At a restaurant known for their signature pie, Perkins features a menu chock-full of both healthy and unhealthy options.
The Best & Worst Menu Items at PerkinsJonathan Weiss/Shutterstock

If you are out late and craving something sweet, look no further than your local Perkins. However, if you are searching for something diet-friendly, you are probably looking to find a meal that will not only satisfy your hunger, but also not overload you with calories or fat.
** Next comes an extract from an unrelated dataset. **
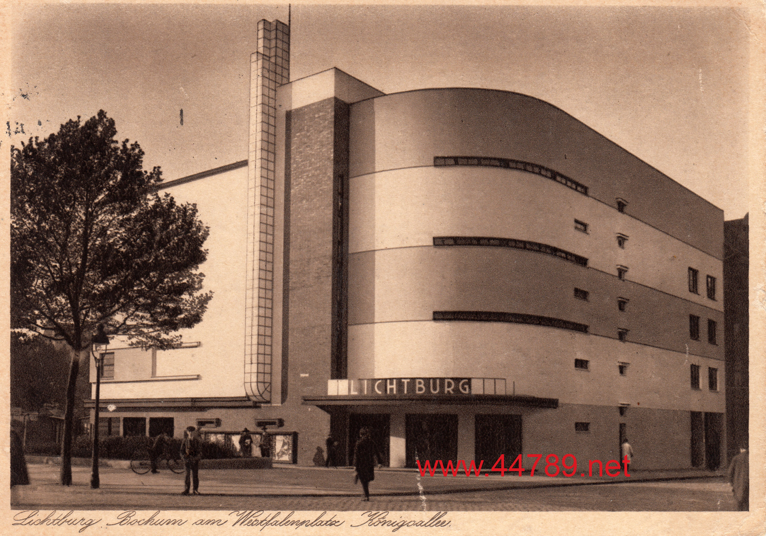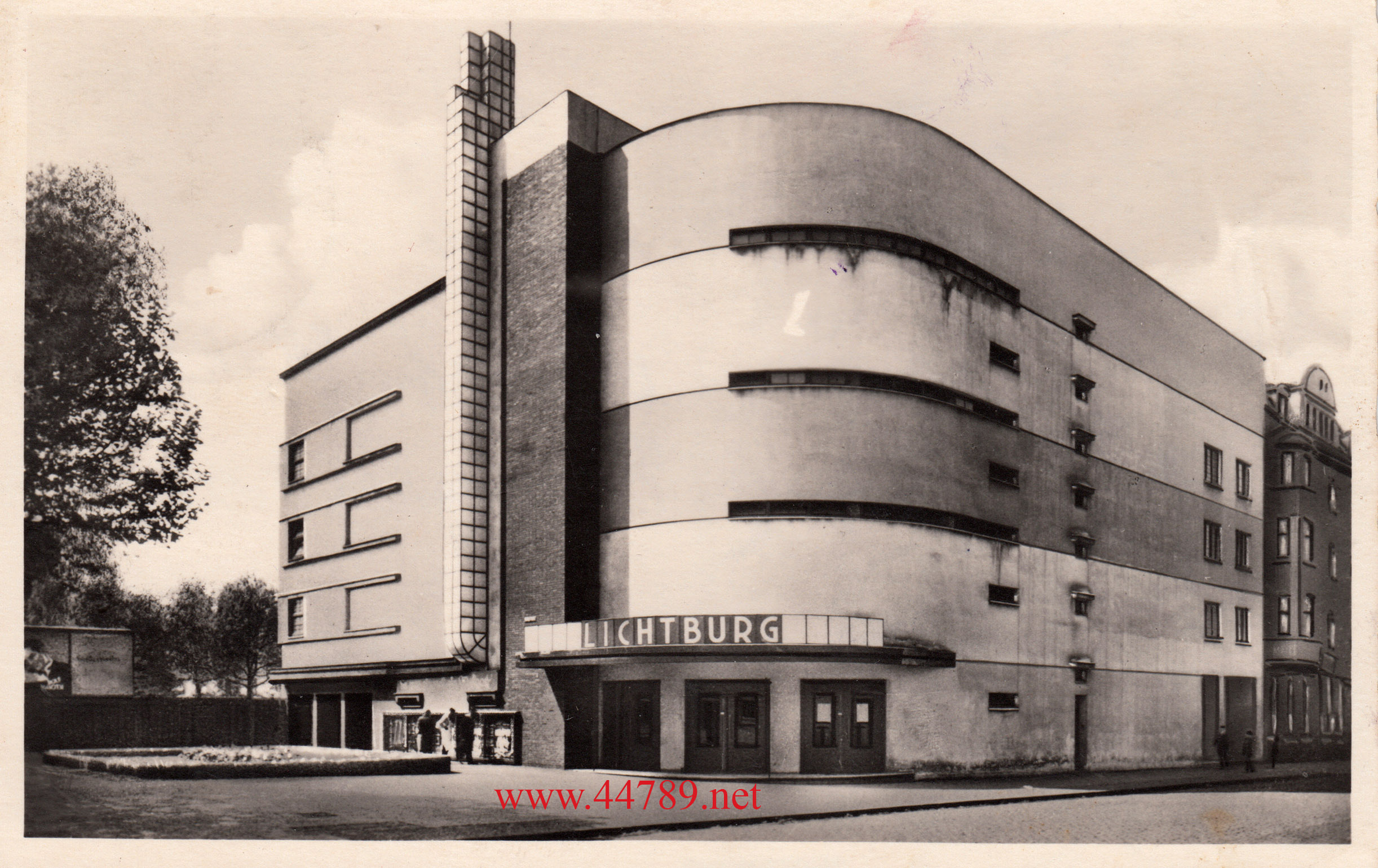 Ansichtskarte, um 1940. Das Lichtspielhaus befand sich an der Ecke Oskar-Hoffmannstraße /Königsallee bzw. Jägerstr. Es wurde im Krieg zerstört und nicht wieder aufgebaut. Der Blick geht hier in die Oskar-Hoffmann-Str, die an der Hattinger Straße begann. (Heute: Alte Hattinger Straße) Zum Zeitpunkt der Aufnahme wurde der Film Der arme Millionär beworben, dessen Uraufführung am 12.07.1939 war. (Karte in hoher Auflösung sehen - klicken! längere Ladezeit mögl.!) |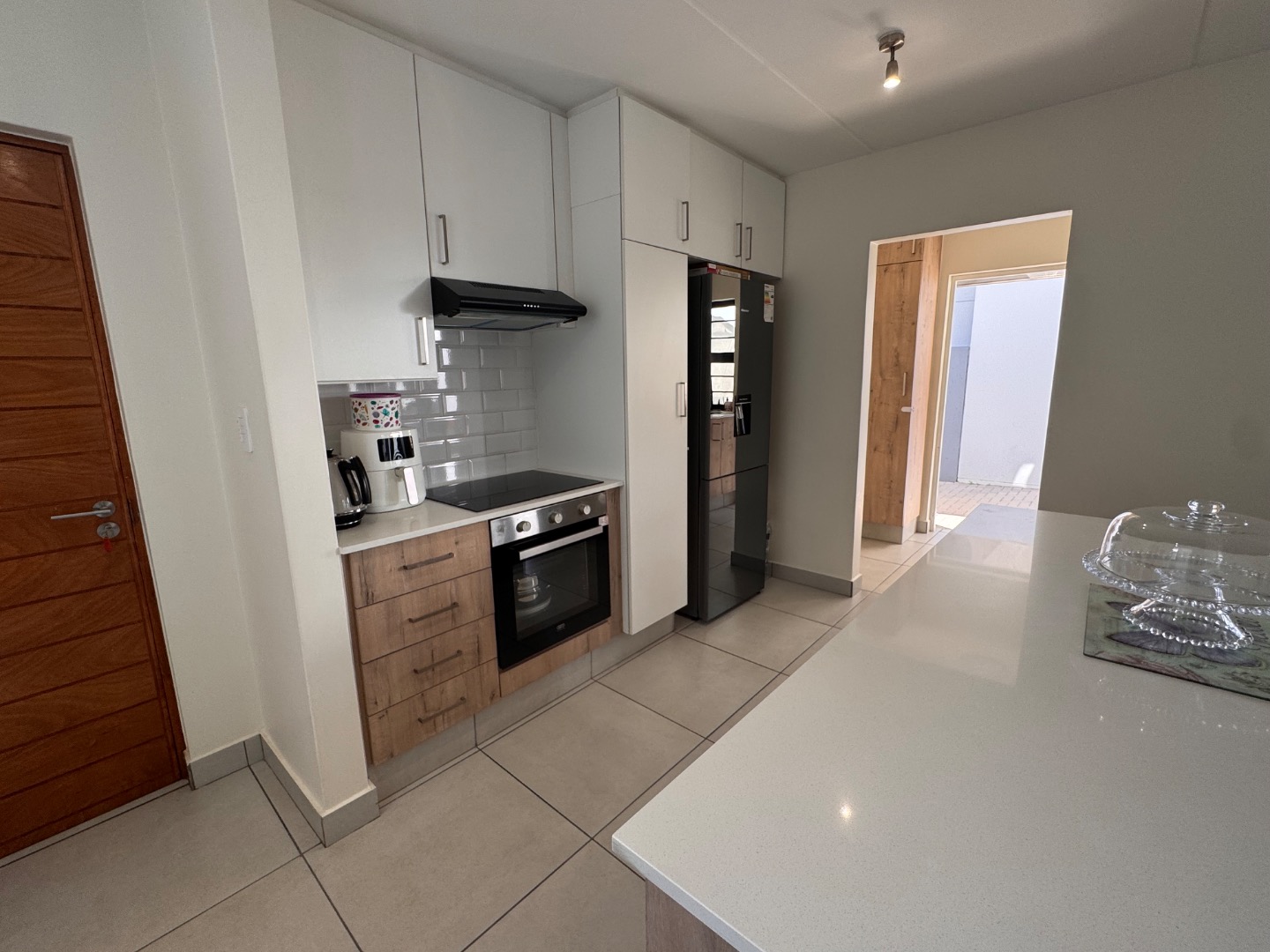 Discover modern living in this inviting 3-bedroom, 2.5-bathroom rental property within a secure Willow Grove estate in Wilgeheuwel. This contemporary cluster home offers a seamless open-plan layout, integrating a spacious lounge, dining area, and a stylish kitchen. The kitchen features white and wood-look cabinetry, ample countertop space, and integrated appliances including an gas hob and space for a double door fridge. A dedicated scullery provides additional convenience and outdoor access. The living space extends to a private covered patio, overlooking a private, easy-to-maintain garden, perfect for relaxation and entertaining.

In order to determine the best and worst menu options at Perkins, we meticulously sifted through each item with Patricia Bannan, MS, RDN, and LA-based nutritionist and healthy cooking expert, to discover the best and worst Perkins menu items.

Just For Starters

Worst: Chicken Strips

perkins chicken strips Courtesy of Perkins
870 calories, 49 g fat (12 g saturated fat), 2,200 mg sodium, 62 g carbs (0 g fiber, 15 g sugar), 4 g protein

Chicken strips are a classic appetizer and they couldn’t be any worse for you than mozzarella sticks or onion rings, right? This appetizer from the Perkins menu clocks in with a whopping 2,200 milligrams of sodium, which is almost an entire daily serving even before you hit your entree. Combine the amount of sodium with a fat content totaling 3/4 of your daily recommended amount, and you have an appetizer that will set your diet back for days.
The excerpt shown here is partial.